Ушла плакать в сад. Там всегда хорошо плачется. И ковров никаких нет, все в землю впитывается. Так что я даже не ожидала, что в саду меня ждет самое страшное. Из земли выкарабкался мокрый крот и умер прямо у меня под ногами в страшных корчах. Оказалось, мои слезы залили его норку. Ой, про это я лучше перестану, а то… (клякс, клякс, клякс)

* * *
Как выяснилось, существуют такие пилюли, которые одну съел, лег спать, а утром все нормально — никого не жалко. И все от таких пилюль веселятся и поют песни. Папа сбегал в аптеку и купил целую баночку. Но я ее принимать отказалась, потому что на этикетке был нарисован череп. Папа очень разозлился, он грохнул на пилюли остатки государственного бюджета. Сказал, что я дура, а на этикетке не череп, а улыбающийся мужчина. В качестве иллюстрации того, как эти пилюли делают людей веселыми. Я поверила, потому что у всех черепов, которые мне доводилось видеть, был очень счастливый вид. Но умирать мне все равно пока не хочется. Поэтому я убежала от папы в сад и на всякий случай отказалась от обеда.

* * *
Папа попросил прощения. Сказал, что был не прав. Вспылил — с кем не бывает. Предложил так: он даст мне пилюлю, а чтобы я не сомневалась, что это безопасно, вторую съест сам. Вернее, он съест ее первым, а я за ним. Папа — большой специалист в психологических подходах. Когда-то у него тоже был слуга, который пробовал всю папину пищу. После него папа уже не боялся есть сам. Потому слуга умер, но папе было уже все равно — он уже навострился стряпать. В общем, когда папа предлагает съесть что-то, не приготовленное его руками, да еще и первым — это очень веский аргумент.
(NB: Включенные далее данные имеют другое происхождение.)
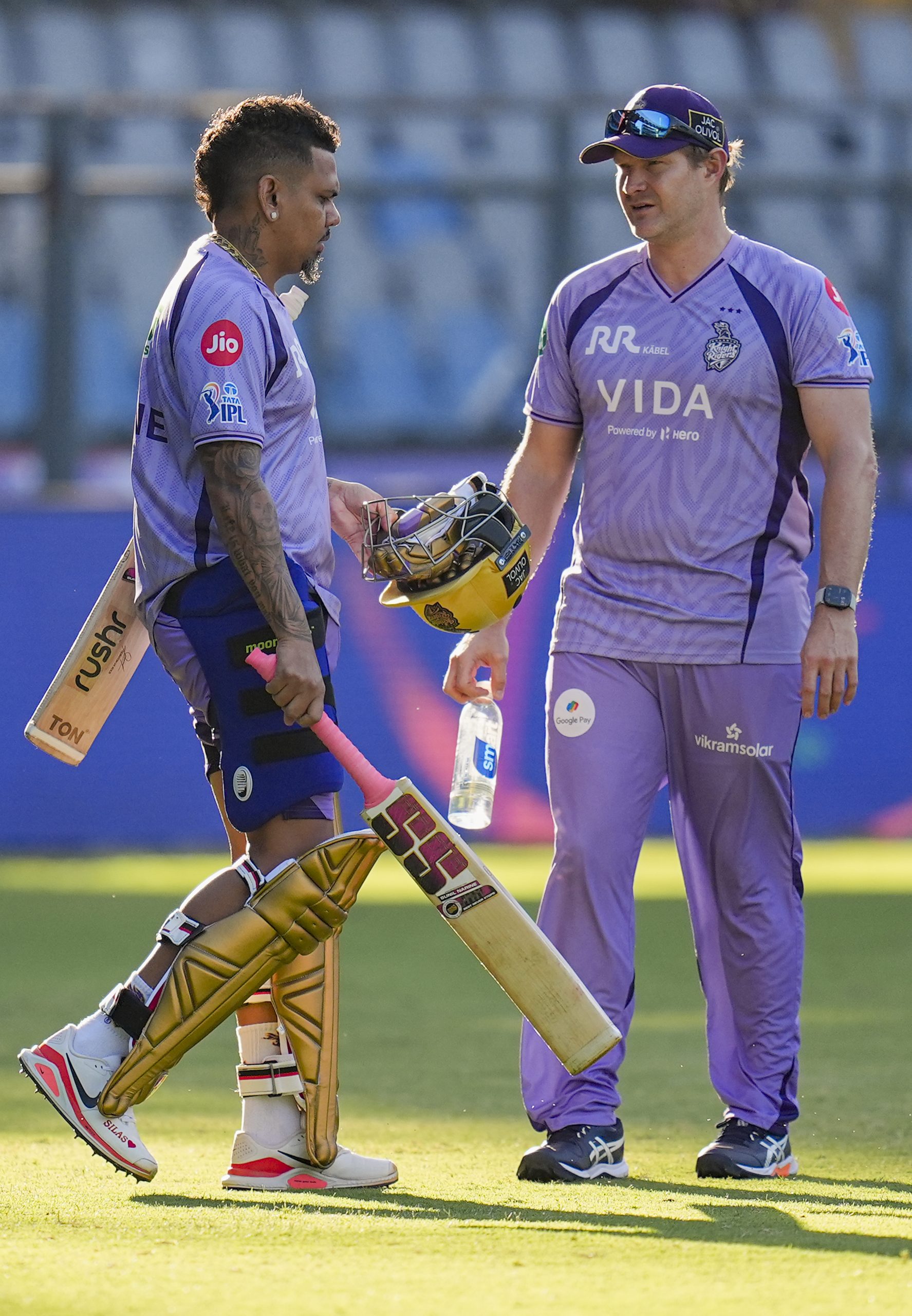 Mumbai: Kolkata Knight Riders' Sunil Narine, left, and Assistant Coach Shane Watson during a practice session ahead of an Indian Premier League (IPL) 2026 T20 cricket match against Mumbai Indians, at the Wankhede Stadium, in Mumbai, Maharashtra, Saturday, March 28, 2026. (PTI Photo/Kunal Patil) (PTI03_28_2026_000337B)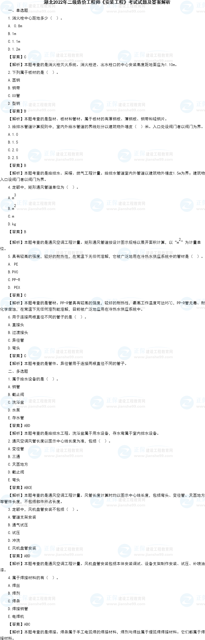 湖北2022年二級(jí)造價(jià)工程師《安裝工程》考試試題及答案解析(部分)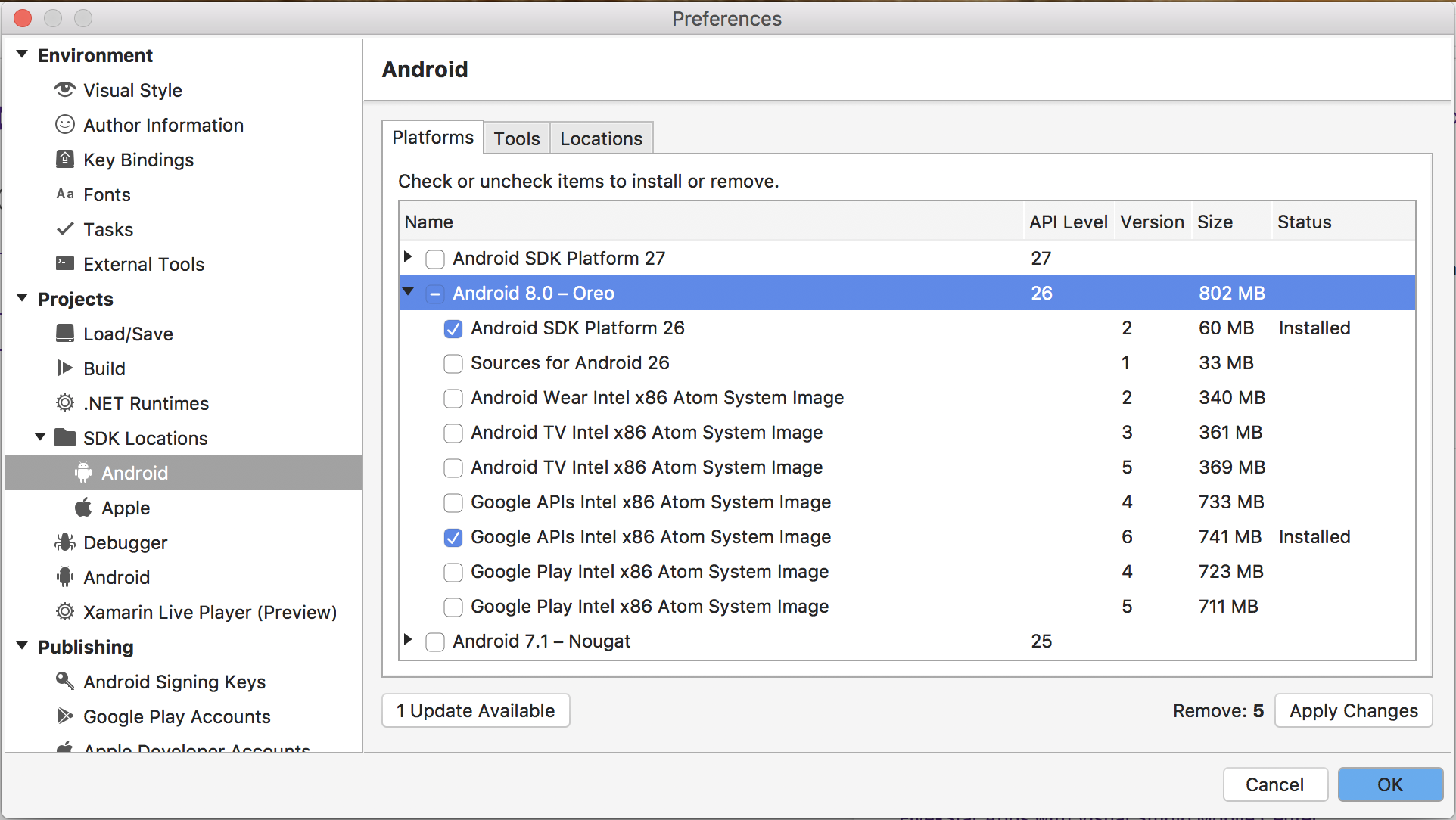 In Preferences, navigate to Projects | SDK Locations, and select the Platforms you want, for example, Android 8.0 - Oreo, as shown in the following screenshot:
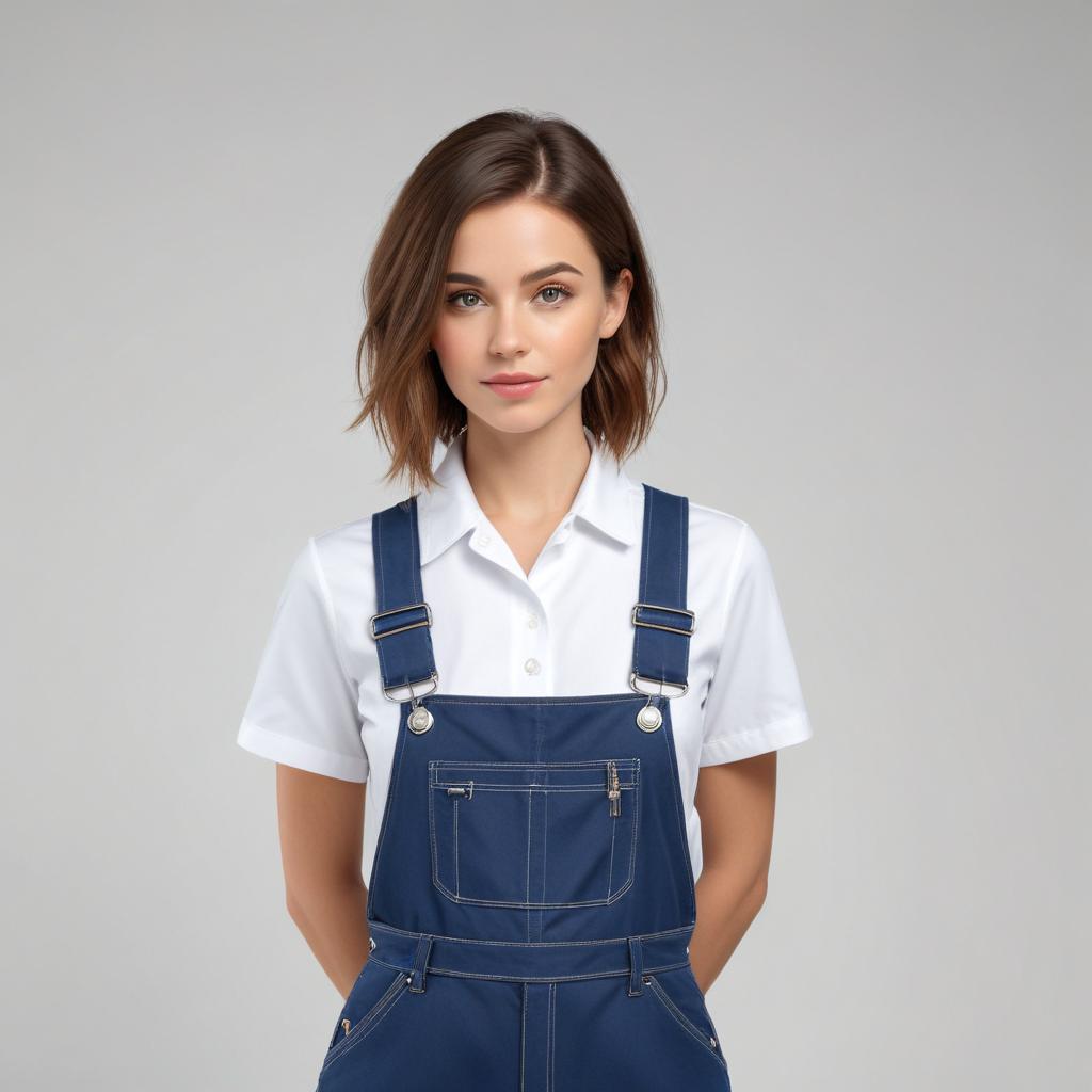 A young woman stands confidently, wearing a white shirt paired with blue overalls. She displays a calm expression against a neutral background.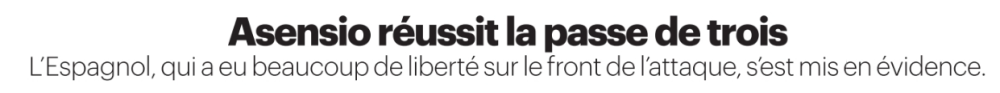 On note qu’Asensio a joué faux 9 et cette fois cela ne pose de problème à personne, ses 3 passes décisives sont même soulignées. C’est intéressant comme l’efficacité change les avis tactiques.

Папа взял стакан воды, чтобы запить пилюлю, и тут я не выдержала. Бросилась на него, повисла на руках, и, отчаянно рыдая, умоляла этого не делать. Я очень боюсь остаться круглой сиротой.

Папа сдался. Выплюнул пилюлю, а меня ухватил за косу и вытащил из дворца. Это самое страшное папино наказание. Он никогда меня не бьет. С тех пор, как поклялся в этом на смертном одре моей матушки. Получается, я его не на шутку разозлила.

Я до вечера пролежала на дорожке, глядя на облака. Из белых они постепенно стали розовыми, потом фиолетовыми, а потом превратились в серую вату. Очень похожую на ту, которой законопачены окна второго этажа. За серой ватой мигали звезды. И я вдруг поняла, что вокруг меня бесконечность. И в этой синей бесконечности я меньше песчинки. А разве песчинки бояться умереть? Я решила, что завтра съем чертову пилюлю, раз папе это так важно.

Как ни странно, эта мысль меня успокоила. Я взяла горсть песка, чтобы ничего не забыть, и пошла спать.

Я написала, что все это время я плакала? Кажется, нет. Ну, теперь уже написала…

* * *
Утром я попыталась пересчитать песчинки. Не смогла — их тысячи тысяч. И все это огромное количество легко умещается у меня в руке. Я пересыпало песчинки в пузырек из-под духов и вышла к завтраку. Папа пил кофе и со мной не разговаривал. На другом конце стола меня ждала моя чашка. Такая одинокая и хрупкая… (Клякса) Но я не стала плакать, так как вовремя нащупала в кармане пузырек. Я сказала папе, что готова съесть волшебную пилюлю. Папа очень удивился и отложил газету. Спросил, что со мной случилось. Тут я все-таки разрыдалась… Но заранее папу расстраивать не захотела — сказала, что ничего.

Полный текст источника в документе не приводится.